After a few minutes of silence he surprises me "It's alright if they call you mom or mommy".

I was damn surprised that I flick my gaze to him to engage his feelings, was he saying it for my sake or did he really mean it? Was it even real or did I imagine it out of hope and desperation?

"Yeah?" I ask with a hopeful smile. He has no idea how much this means to me. The world and all it entails.

"Yeah" He admits more surely this time.

"Are you sure?" I ask after a few seconds, just to make sure I was hearing right and my mind wasn't playing tricks on me by any evil means.

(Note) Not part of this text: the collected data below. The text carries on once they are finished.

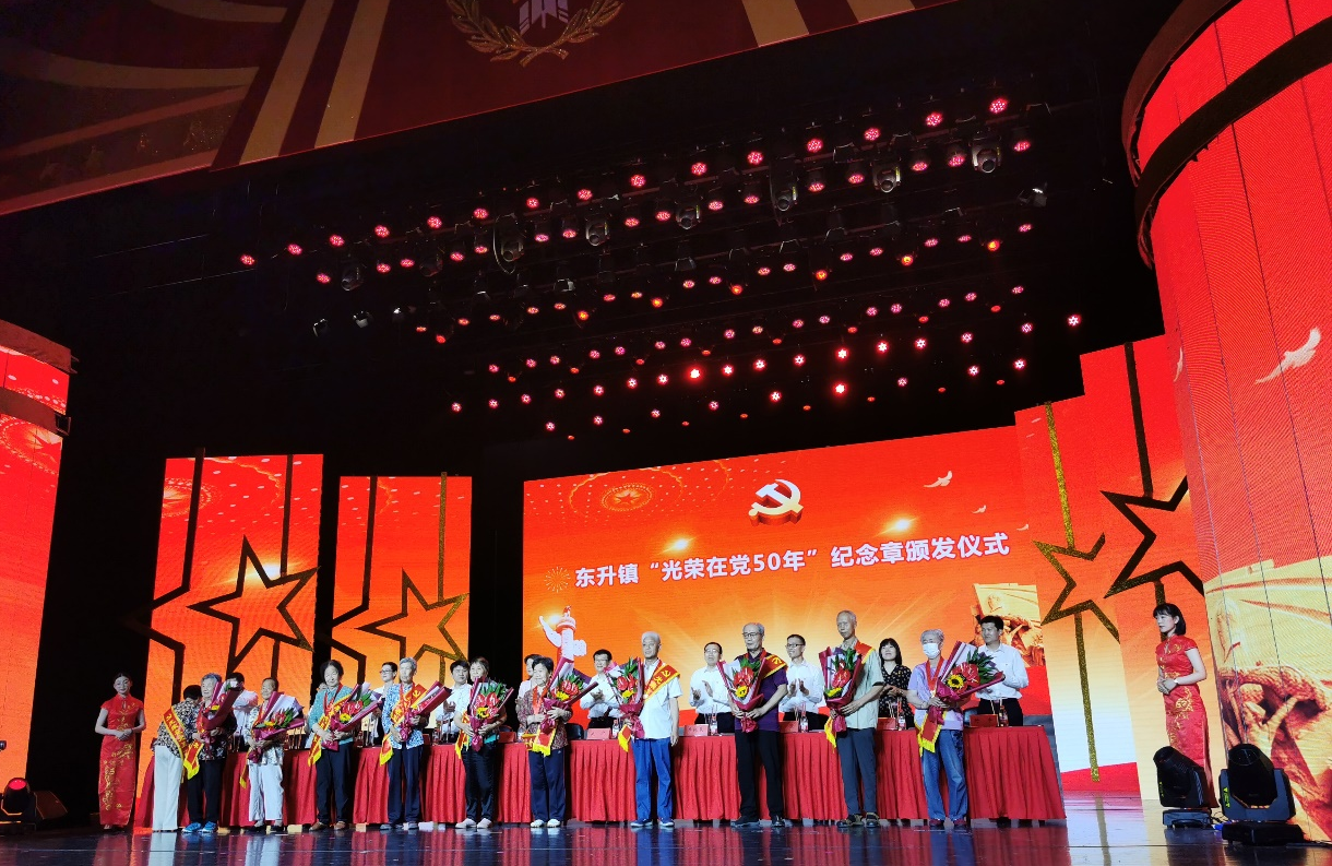 2021年6月20日,海淀区东升镇举办“奋斗百年路,启航新东升”“两优一先“表彰大会暨庆祝中国共产党成立100周年文艺演出,表彰165名“光荣在党50年”的老党员、102名东升镇优秀共产党员、20名东升镇优秀党务工作者以及26个东升镇先进基层党组织。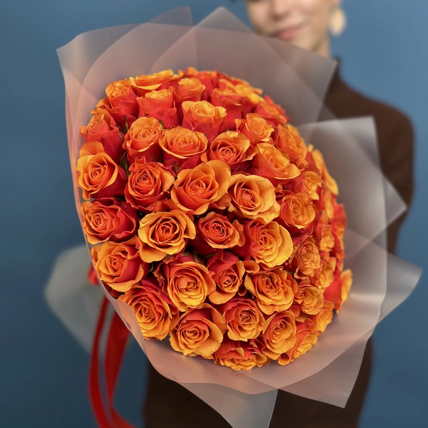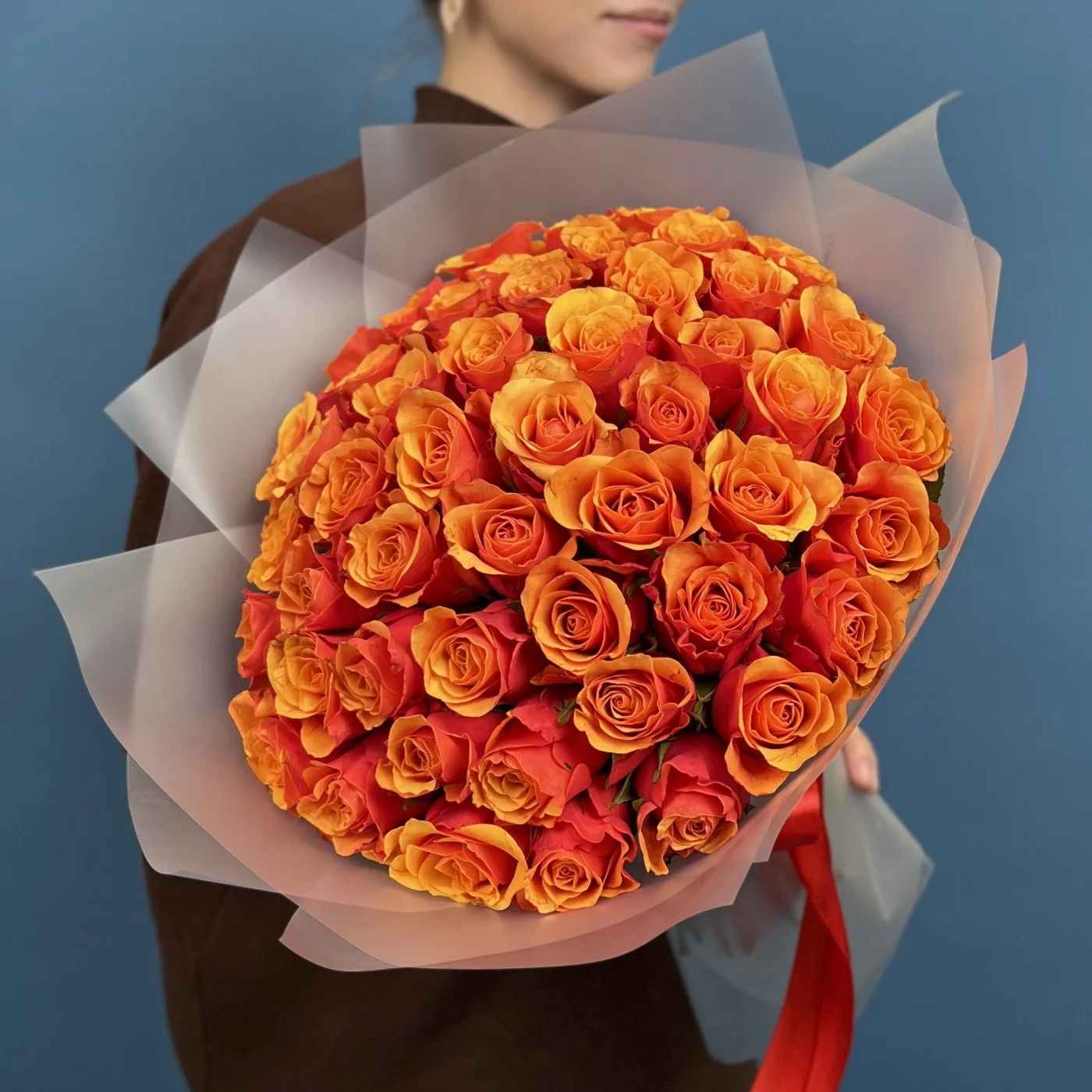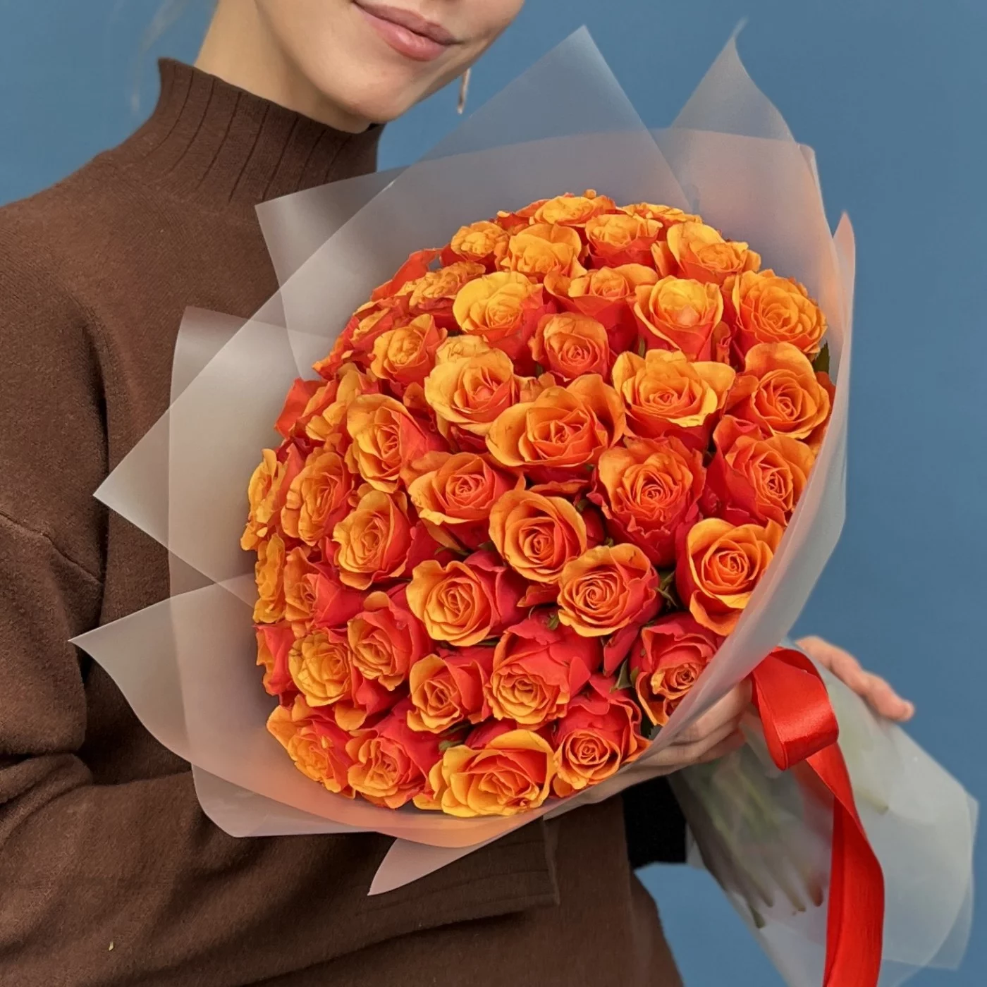 51 красно оранжевая роза Испания 40 см — это великолепное сочетание ярких красок и изысканной формы, которое станет настоящим центром внимания и подарит получателю море положительных эмоций и тепла.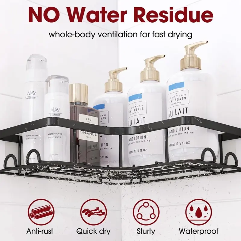 ·Hassle-Free Installation: With an adhesive mounting system, this corner shower caddy offers a drill-free and straightforward installation process, saving time and effort.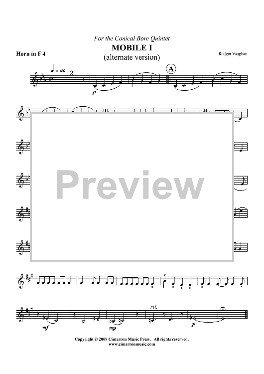 "Mobile I - Horn in F 4" Sheet Music by Rodger Vaughan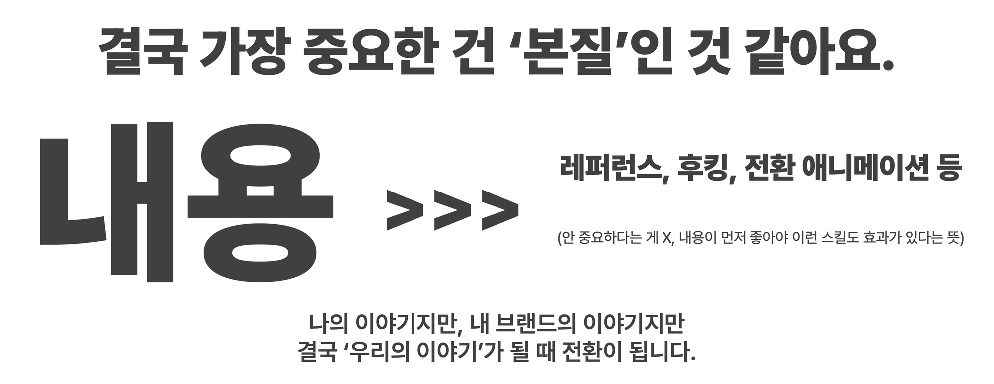 레퍼런스, 후킹 문구, 전환 애니메이션 물론 다 중요합니다.
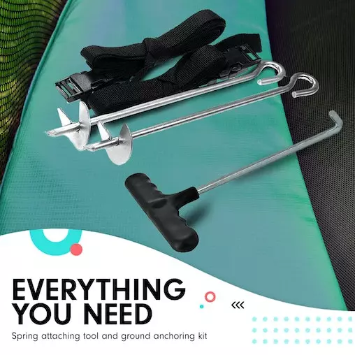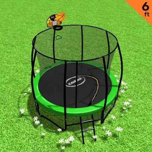Basketball set! This trampoline is supplied with a basketball kit to add even more fun for the kids. This includes the backboard and ring, net, ball, and pump!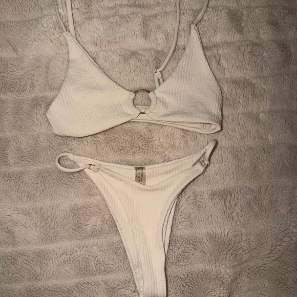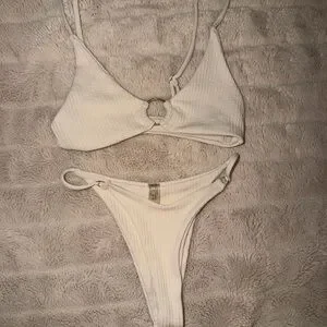 Soft cream ribbed top with vertical textured pattern. Lightweight knit fabric. Simple crew neckline. Versatile neutral piece for layering.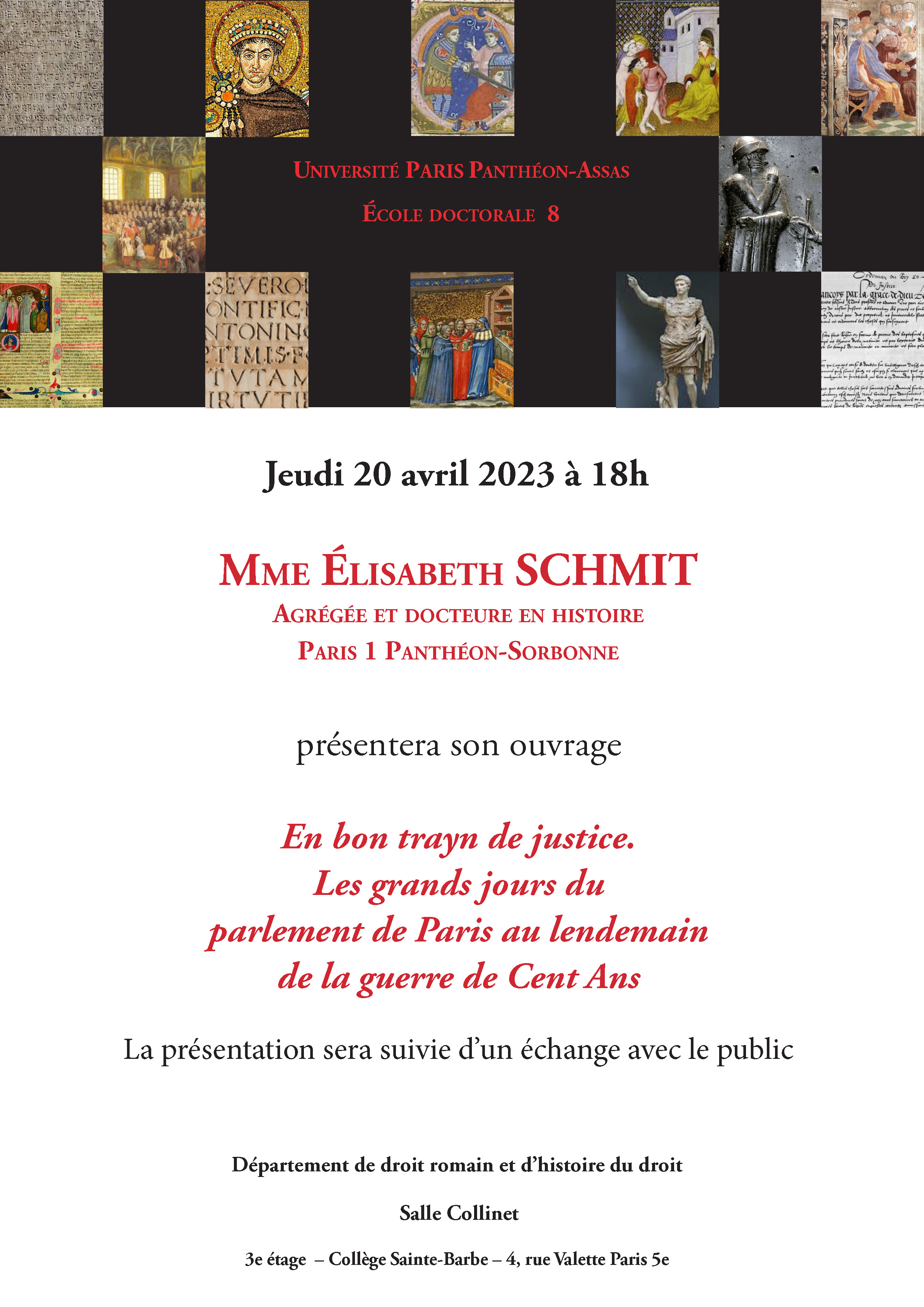 Élisabeth SCHMIT, agrégée et docteure en histoire à l'Université Paris 1 Panthéon-Sorbonne présentera son ouvrage « En bon trayn de justice. Les grands jours du parlement de Paris au lendemain de la guerre de Cent Ans » le jeudi 20 avril à 18h.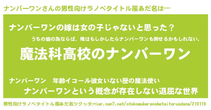 | 女子向けラノベタイトル風あだ名 | 『ナンバーワンアンティーク』 |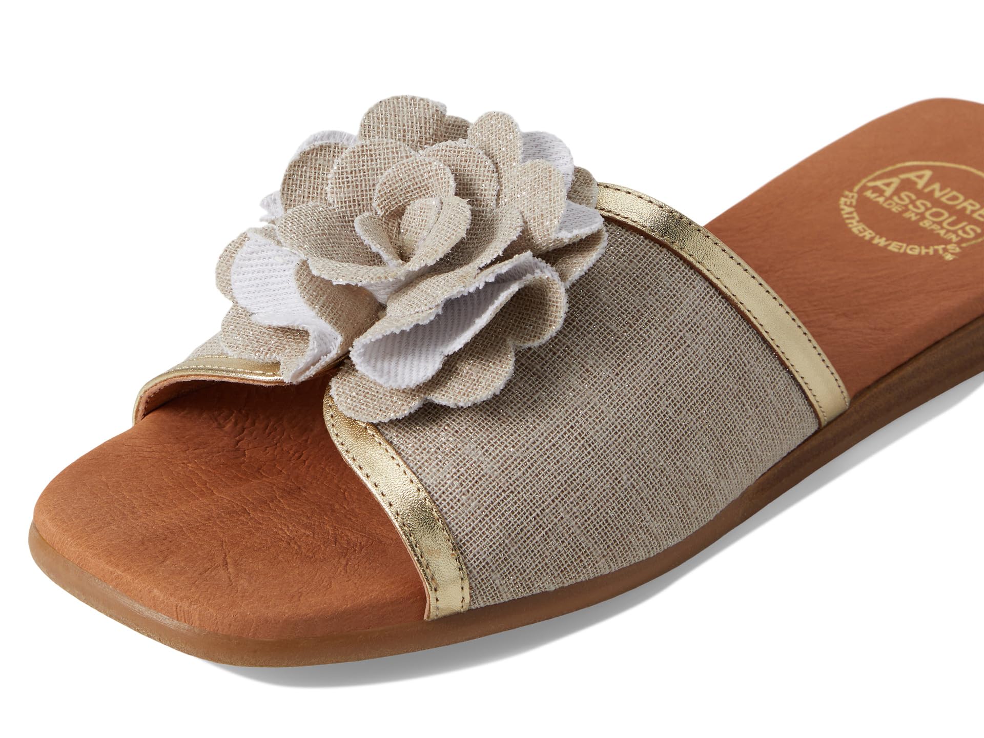 • Заявите о себе в этом сезоне в шлепанцах Andre Assous Kiky! Эти босоножки с потрясающим трехмерным цветочным узором на ремешке обязательно привлекут внимание, куда бы вы ни отправились. Текстильный верх и дышащая кожаная подкладка сохранят ваши ноги в прохладе и комфорте, а кожаная стелька обеспечит дополнительную поддержку.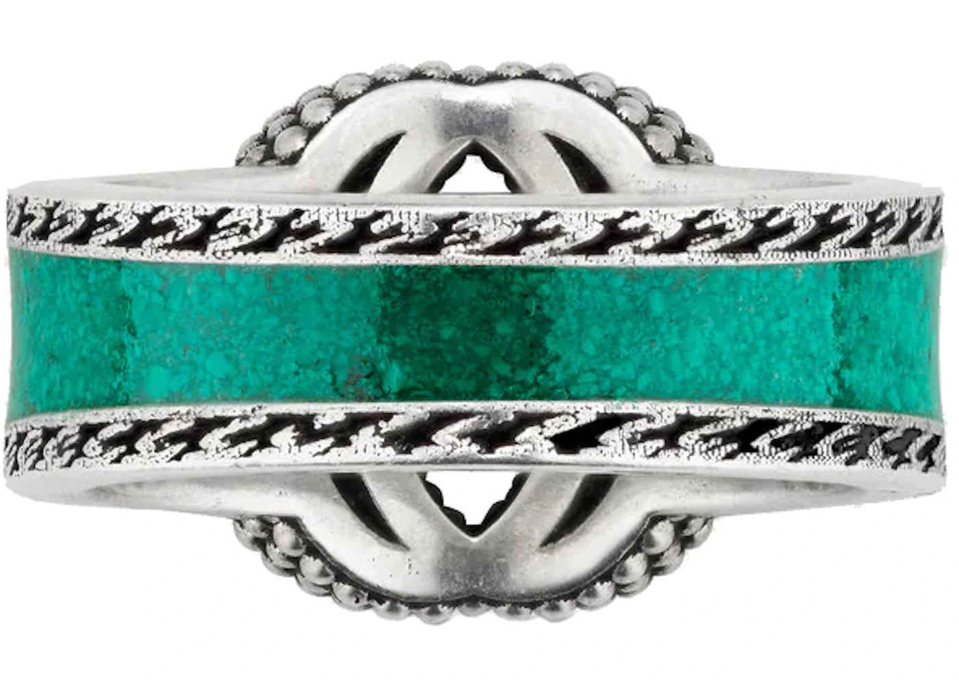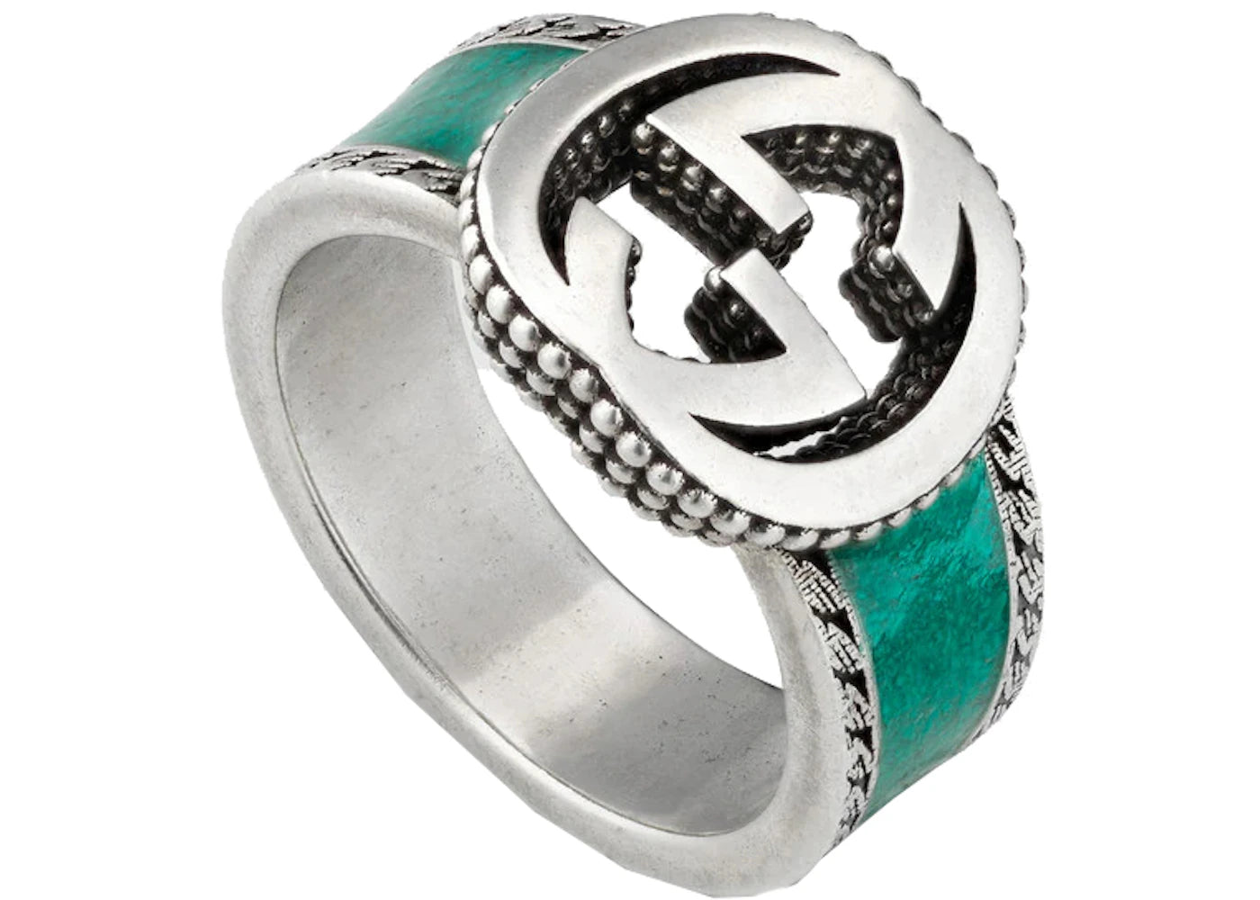 The Gucci Ring With Interlocking G Textured Trim Silver is now available at Side Kicks!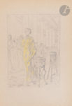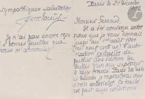 Exemplaire enrichi d’un très beau dessin original signé de Georges Rochegrosse, au crayon rehaussé de jaune, 190 x 142 sur papier gris de 281 x 205 mm, et d’une lettre autographe signée de Pierre Louys à l’éditeur Ferroud, 21 décembre 1900, 3 pages et demi in-12, sur les droits de son ouvrage Byblis : « Il a été convenu entre nous que je vous donnais jusqu’au 1er août 1901 (mil neuf cent un) l’autorisation exclusive de publier une édition de Byblis d’un prix supérieur à dix francs. Passé la date ci-dessus je reprendrai mes droits antérieurs. »

"Yes. They can call you mom, it'll do them more good than harm. But only if you're ok with it of course" He says and I squeal on the bed excitedly.

He chuckles and my heart skips a beat. I squeal again and launch into his arms "Thank you, I promise I won't disappoint!" I sputter excitedly and it when I leaned back it took me a second to realize how close we'd shifted. I basically threw myself at him!

We were so close, that our lips were millimeters away. We stared into each other deeply for a few moments. His gaze dropped to my lips and I see him visibly gulp.

I knew he wasn't fully ready for our first kiss and so I did the one thing I could in order to prevent him from kissing me and ruining it for us. I wanted him to be completely and fully ready. I didn't want him to kiss me just because, or in order to fill a void, or out of confusion and uncertainty. I wanted him to do it because he means it, because he wants me.

I kissed his cheek and whispered a quick 'thanks, good night' seeing his expression froze for a moment and before I could harbor a reaction out of him, I laid down onto my side in order to sleep, or dare I say dream of him, us.